A cold fist grabs his guts and squeezes. It is
not
fear! Yesheb has mastered fear!

Even so, he turns with the speed of a striking black mamba, flings the door open and switches on the light. The bed is empty. The window is open; rain has soaked the curtains and drips off the sill into a puddle on the shiny wood floor. On the nightstand, Gabriella’s iPhone rests in a slot on a black speaker box. The microphone icon of the Voice Memo app shines on the screen and the sound of her sobbing issues through the speakers.

Gabriella is gone.

Yesheb lets out a cry, a wailing howl of rage and frustration, then turns and bolts down the stairs after her.

“T
Y
,
WAKE UP
!”

Gabriella shook her son roughly. He was usually hard to awaken but his hazel eyes popped open instantly and he looked up confused.

“Mom, wha—?”

“Get up, we’re leaving.”

She threw back the covers and yanked the boy to a sitting position. She’d carry him if she could, but he was too big for that now. The golden retriever at the foot of Ty’s bed had gotten to his feet as soon as she lurched into the room, panting and dripping, and stood beside her now, wagging his tail.

“Where are we go—?”

“Just come on!”

The boy picked up his glasses from the bedside table and fumbled them onto his face, then looked at the floor in a daze, searching for his slippers. She grabbed his arm and pulled him to his feet. “No time for shoes. Let’s
go!”

She heard movement behind her and the overhead light flicked on, momentarily blinding her. She turned in slow motion to face the man standing in the doorway, then grunted in relief, took two steps and slapped the light switch back off.

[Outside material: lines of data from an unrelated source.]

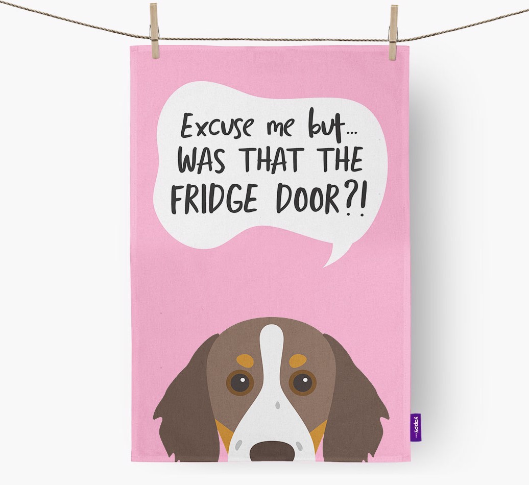 'Was That The Fridge Door?!' - Personalized Brittany Dish Towel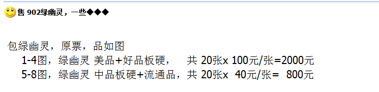 902绿幽灵市场价相当可观,美品单张价在100元左右,流通品价格稍低,在40元左右。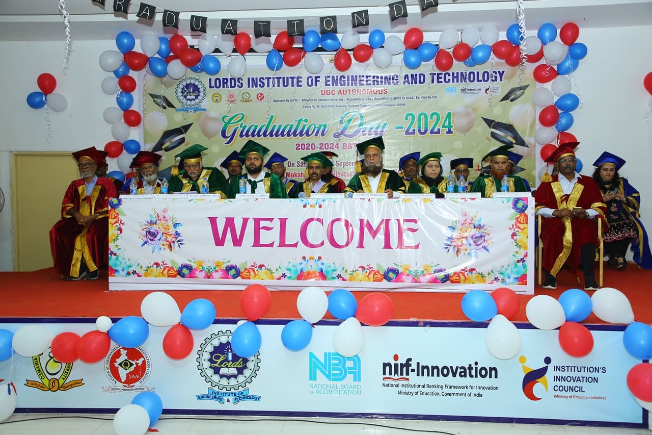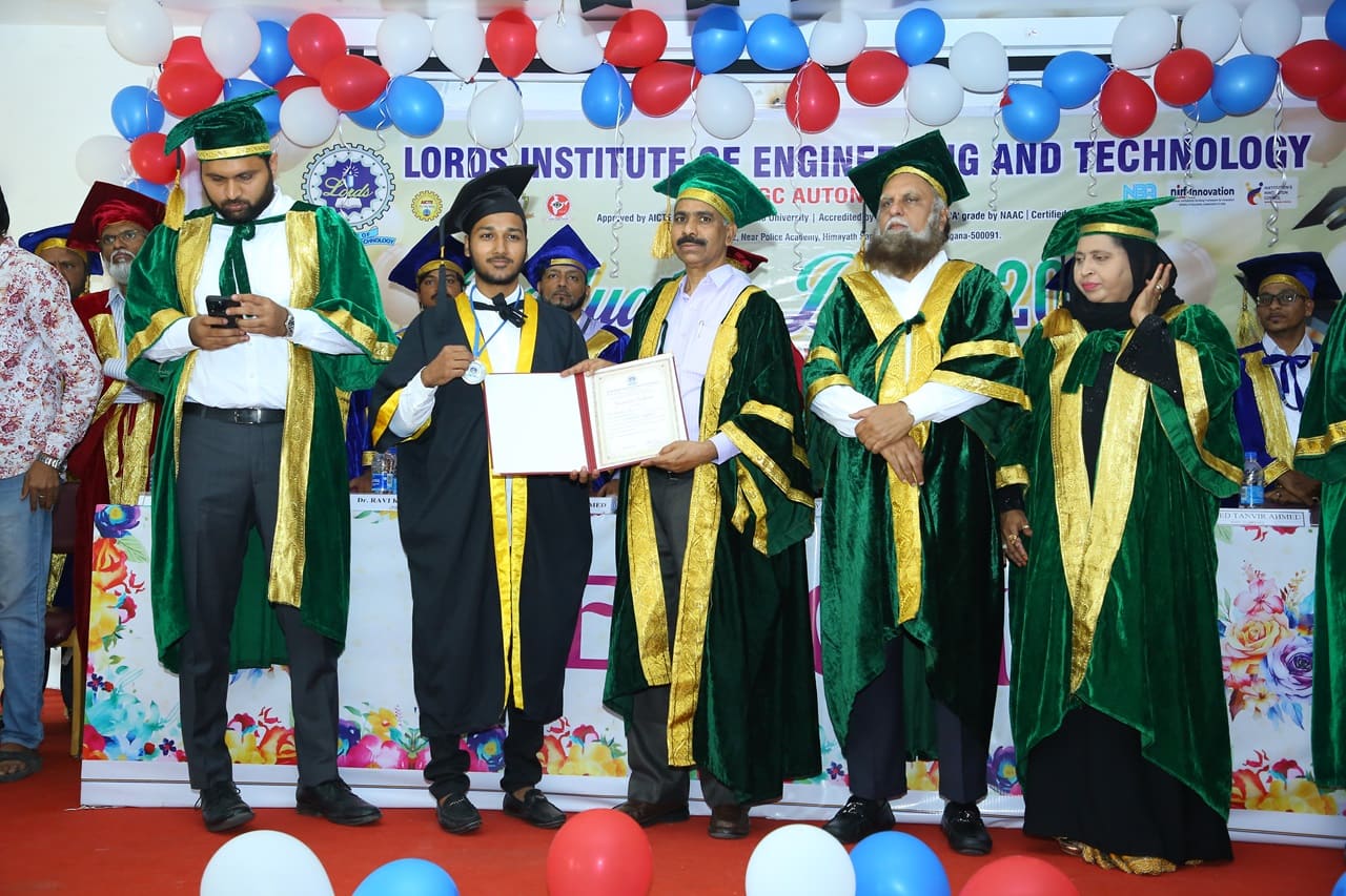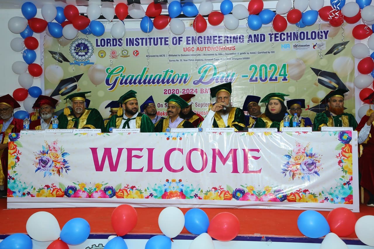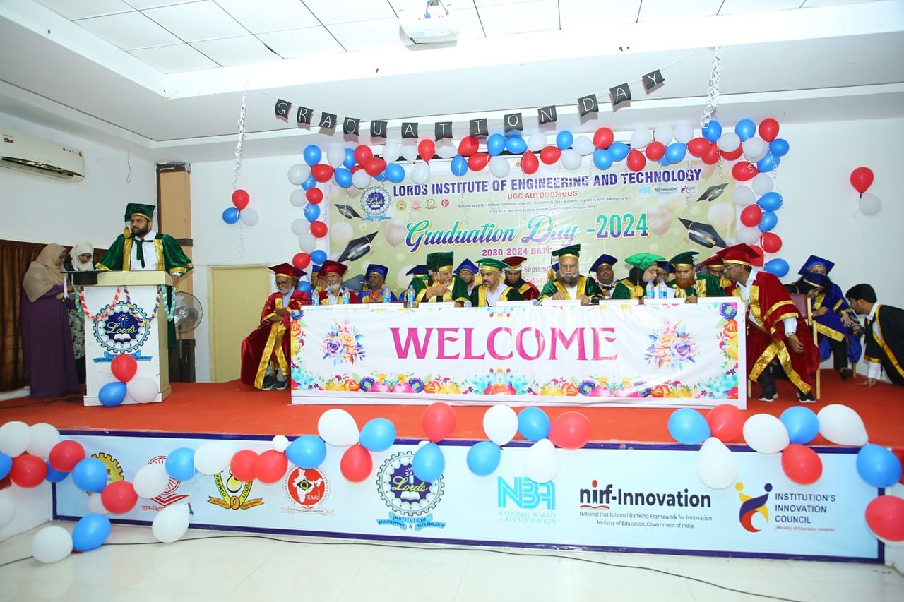 Description: Lords Institute of Engineering and Technology has organised “Graduation Day Ceremony” for the batch of 2020-2024 on Saturday, 14th September 2024 at 11.00 AM. The event was graced by the chief Guest Prof. P. Laxminarayana, Registrar, Osmania University, Hyderabad, Telangana and the Guest of Honour was Janab C. A. Basha Mohiuddin, Chairman, LIET along with the Secretary, Mrs Rizwana Begum; Vice-Chairman, Mr Syed Tousif Ahmed; Principal, Dr Ravi Kishore Singh, Deans, HODs and staff members. Osmania University 2nd Rank from CSE-Data Science,5th Rank from Mechanical Engineering,6th,7th and 8th Rank from CSE-AIML & Electrical Engineering branches were Awarded with Gold Medals whereas other students were awarded with silver medals and Graduation certificates. Prof. P. Laxminarayana, Registrar, Osmania University, Hyderabad anticipated that the students should be the leaders and not the followers. They should follow technology and utilise education and knowledge in their lives. He also emphasised that the technology in the form of AI & Chat GPT must be used worthfully and ethically. Janab C.A. Basha Mohiuddin motivated the students about their future life and how education can change the life of every individual, the speeches of secretary and Vice-chairman followed the journey of students in the 4 years of Engineering course. More than 400 graduated students along with their parents participated in the event. The event was live streamed on College YouTube channel to mark its grand success at international level.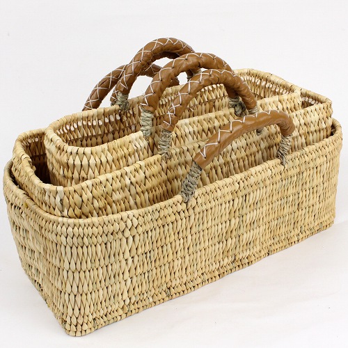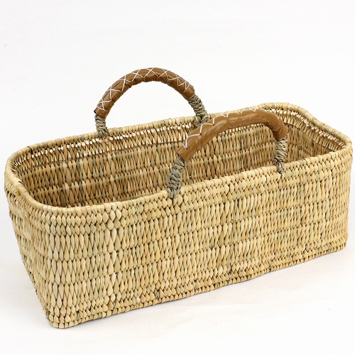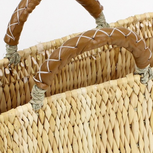 ストロー状の水草で編んだ、横長タイプのかごバッグです。モロッコでJONK(ジョンク)と呼ばれる表面がツルツルした丈夫な素材で、ナチュラルな風合とたたみのような編み目が人気です。ハンドルのクロスステッチがポイント。どんなお洋服にもコーディネイトしやすく、お出かけやお買い物に、ワインやお弁当をいれてランチバッグとしても活躍します。自立するので、雑誌やスリッパなどインテリアバスケットとしてもご使用いただけます。各サイズございます。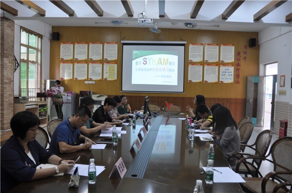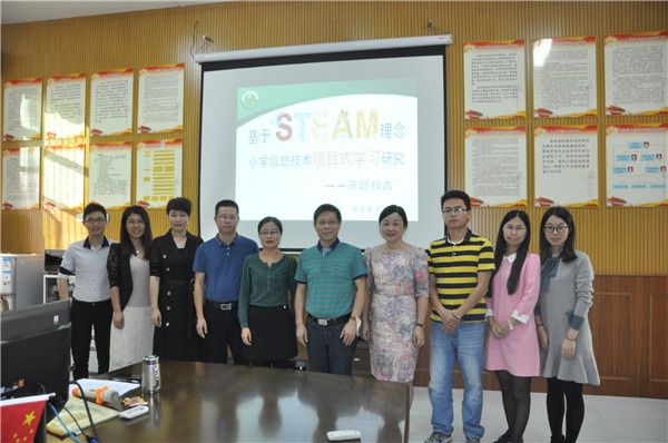 2018年11月8日下午,中山市雍景園小學(xué)宋曉玉老師主持的中山市教育科研課題《基于STEAM理念的小學(xué)信息技術(shù)項(xiàng)目學(xué)習(xí)研究》開(kāi)題報(bào)告會(huì)在雍景園小學(xué)五樓會(huì)議室召開(kāi),參加開(kāi)題會(huì)議的有教育部國(guó)培計(jì)劃專(zhuān)家、廣東省特級(jí)教師、市教研室信息技術(shù)教研員陳明宏老師,廣東省特級(jí)教師、廣東省“特支計(jì)劃”教學(xué)名師、廣東省名師工作室主持人黃偉祥主任,東區(qū)教育事務(wù)指導(dǎo)中心張卉丹老師,東區(qū)雍景園小學(xué)歐淑霞校長(zhǎng)、黃玉嬋副校長(zhǎng)、余建勇主任和課題組的全體成員。

“What in the world—?” Theo began.

In the brief splash of light Gabriella had seen the shock on the old black man’s face. She must look a fright. Her hair plastered to her skull, her nightgown soaked and ripped—she’d caught it on something as she climbed off the sun porch roof—with blood dripping from her ear. The bandage had slipped off during her nightmare flight across the yard, her white gown glowing like the tail of a comet in the flashes of lightning, so bright she feared the light would shine in the upstairs windows and Yesheb would see.

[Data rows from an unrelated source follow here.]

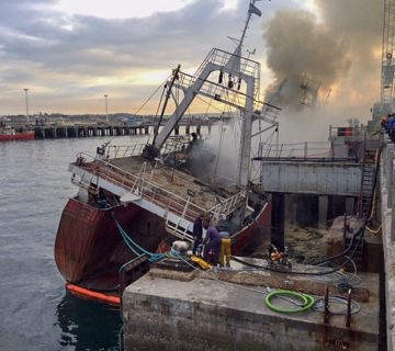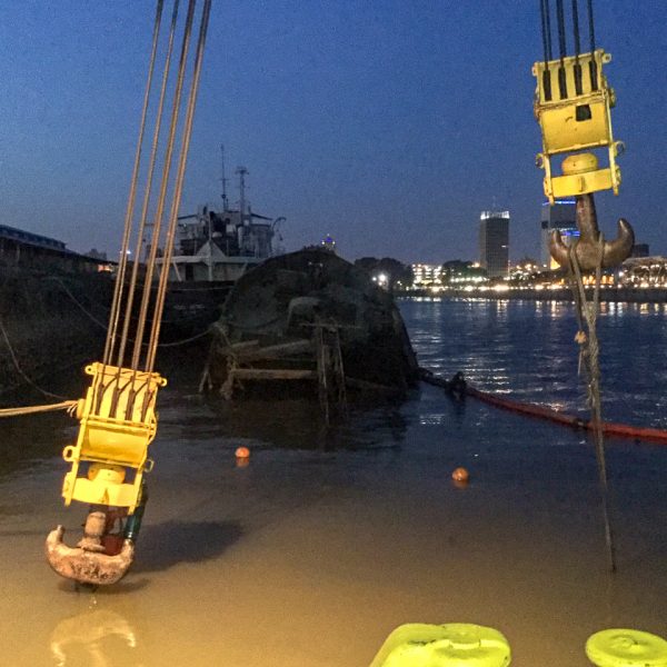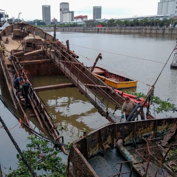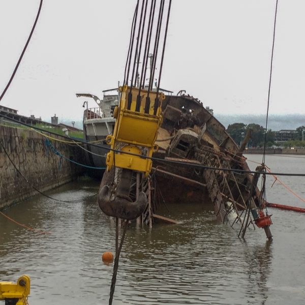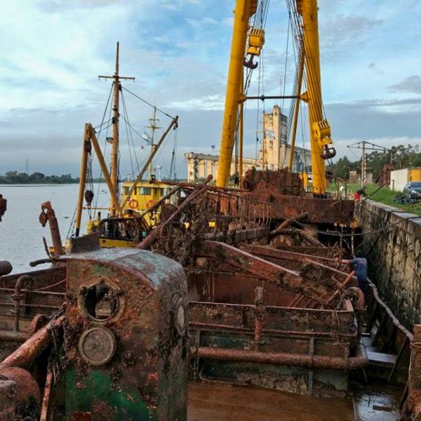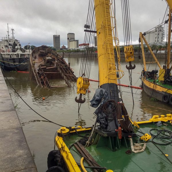 Hundido en el interior del puerto de Santa Fé. Custodia y alistamiento para su posible puesta en secos y disposición.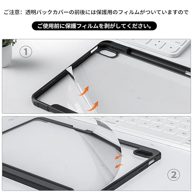 クリアバックカバー: 柔軟なTPUバンパーと透明なハードPCバックシェルで作られており、デバイスの本来の美しさを見せます。iPadを傷や衝撃からしっかりと保護しながら、取り付けや取り外しが簡単です。 (注意:透明バックカバーの前後には保護用のフィルムがついていますので、ご使用前に保護フィルムを剥がしてください。)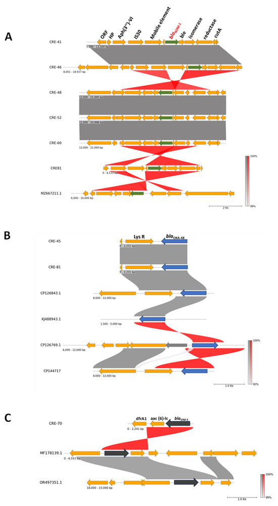 Additionally, the analysis highlighted similarities among isolates harboring the blaOXA-48 gene, where it is consistently associated with the presence of a transcriptional regulator (LysR), as depicted in Figure 3B. Regarding blaVIM-4, the genetic comparison revealed that this gene in CRE70 co-locates with the aminoglycoside resistance gene (aac(6′)-lc), a pattern also observed in other isolates. Furthermore, this genetic cassette includes an additional resistance gene encoding for trimethoprim resistance (dfrA1), underscoring the complexity of the resistance mechanisms in this particular isolate (Figure 3C).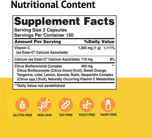 American Health Ester-C 500 mg with Citrus Bioflavonoids Capsules, 300 Count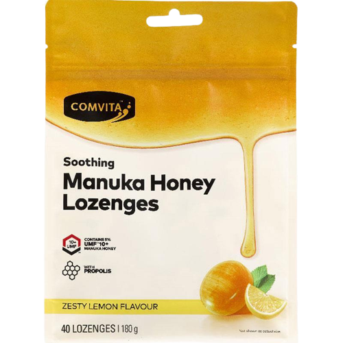 Comvita™ Manuka Honey Lozenges with Propolis combine the soothing qualities of UMF™ Manuka Honey with the power of Propolis. Zesty Lemon flavour. New Zealand Manuka has long been valued for its health-maintaining effects and Manuka Honey is gaining worldwide recognition for its unique properties. Propolis contains high levels of bioflavonoids.

“Ty and I have to get out of here.” She moved to drag the still sleepy child around him, but the old man stood firm, blocking the door.

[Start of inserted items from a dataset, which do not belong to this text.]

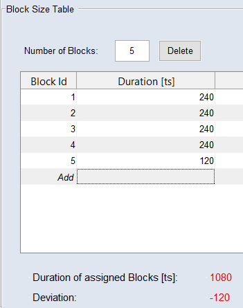 各ブロックの "Duration [ts]" を調整して、割り当てられた測定値の総数("Duration of Assigned Blocks [ts]")が測定値の数("Total Measurement time [ts]")と一致するようにしてください。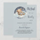Para una ducha de bebé celebrando a un niño. Un fondo gris azul. Un lindo oso de peluche durmiendo en una nube. Personalice y agregue el nombre de la futura madre y los detalles del fiesta. El nombre y el texto: Oh Boy! y Bearly están escritos con una escritura a mano.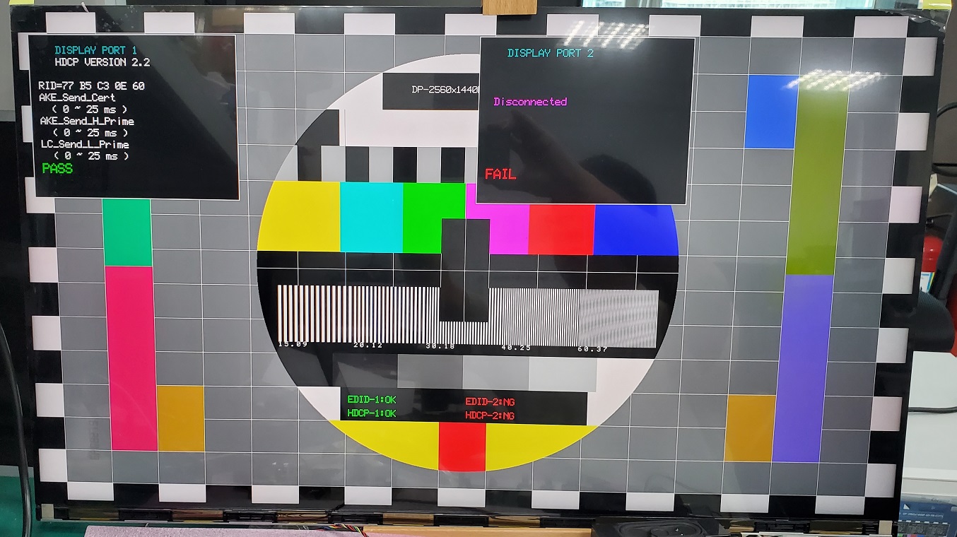 Chroma 2238針對產品HDMI與DisplayPort的HDCP提供了握手確認HDCP密鑰是否啟用的功能,同時還包含解析HDCP版本的功能。進行此測試只需在固定可顯示的Timing輸出下選擇Pattern 704即可獲得測試結果。測試結果如下圖所示,包含了DisplayPort和HDMI的測試畫面。上方黑框處左側實際連接產品並顯示測試通過(PASS),同時顯示HDCP版本號;右側另一個端口(DisplayPort或HDMI)未連接時,可以看到測試結果顯示為失敗(FAIL)。透過下方黑框處也可以快速觀察HDCP和EDID測試是否正常(OK)。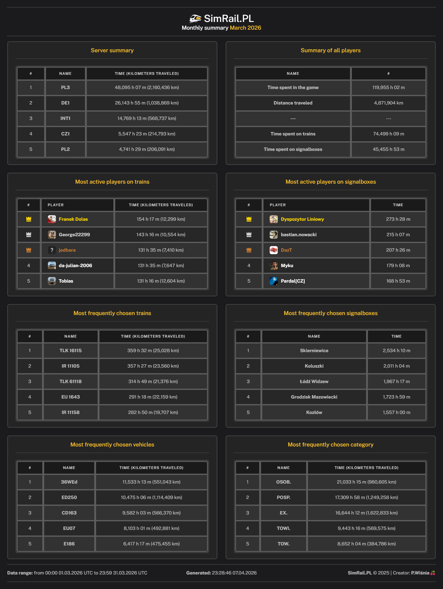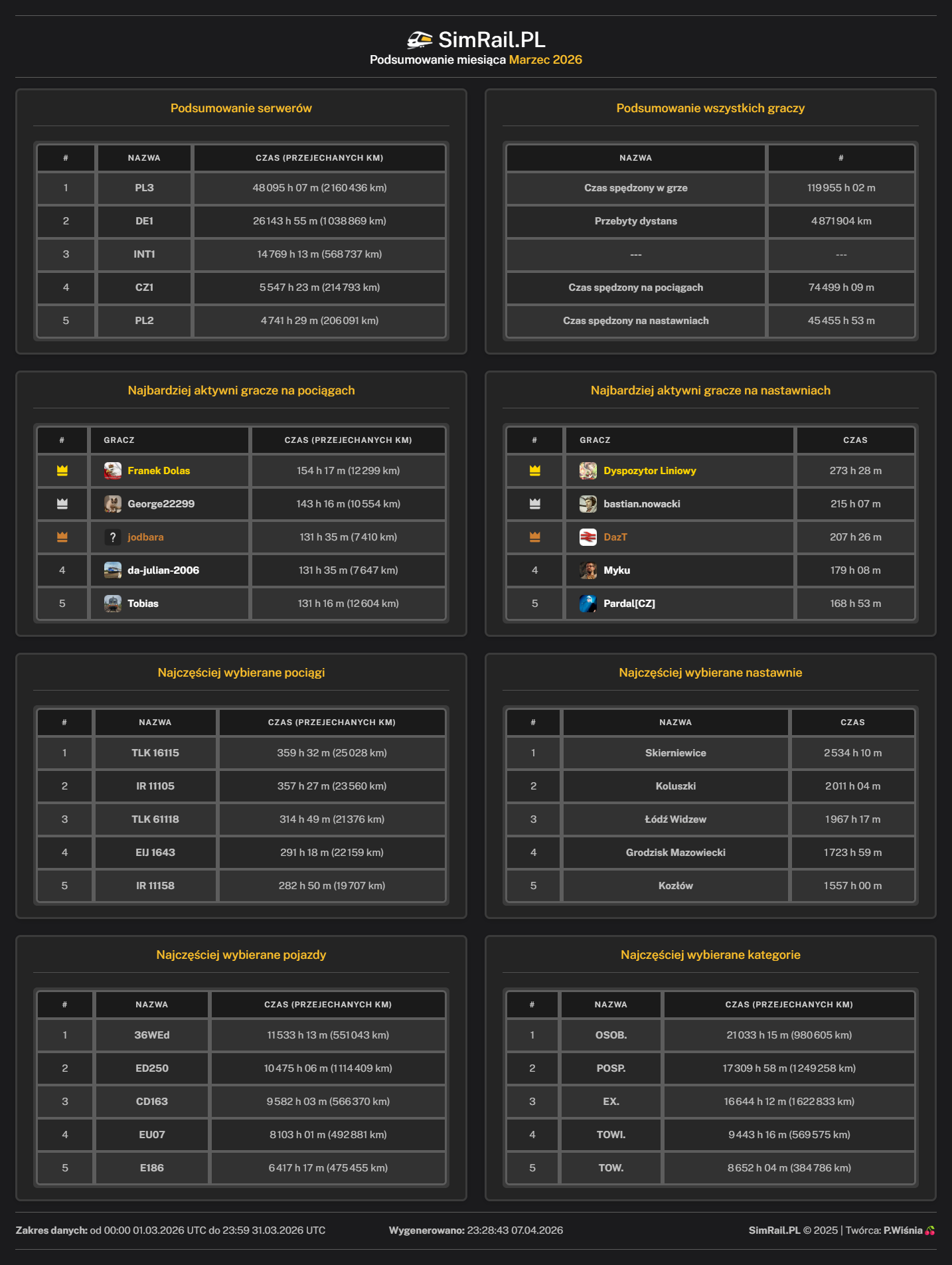Słucham uważnie i odpowiadam. Ten 50 minut wcześniej to na bank 649xxx ewentualnie luzak 455xxx, ale już nie będę się rozpisywał o bzdurnym rozkładzie. Mówisz o którymś posterunku który w końcu wybuchnie. Miałbyś rację gdyby...spełniło się moje marzenie i dostalibyśmy trasę Myszków - Częstochowa - Radomsko - Piotrków Trybunalski. Niestety taka nie istnieje, więc nie ma kto wybuchnąć przez "problem" który stworzyłeś na ŁA. 🙂 edycja: powiem Ci śmieszniejszą rzecz. Wejdź sobie na Zawiercie w nocy. Zobaczysz jak tamtejszy bot "przepycha łokciem" towary do Myszkowa dwoma torami (serio).

“You not gone run outta here in the middle of the night ’less you tell me what—”

“There’s a man in the house,” she said. “A … stalker.”

“A what?”

“A
stalker!”

“How’d he get past that guard, that rent-a-cop Ridley?”

Gabriella had hired Thomas Ridley after the police refused to listen to any more of her complaints that she was being watched. She didn’t have time now to tell Theo about the bloody dagger.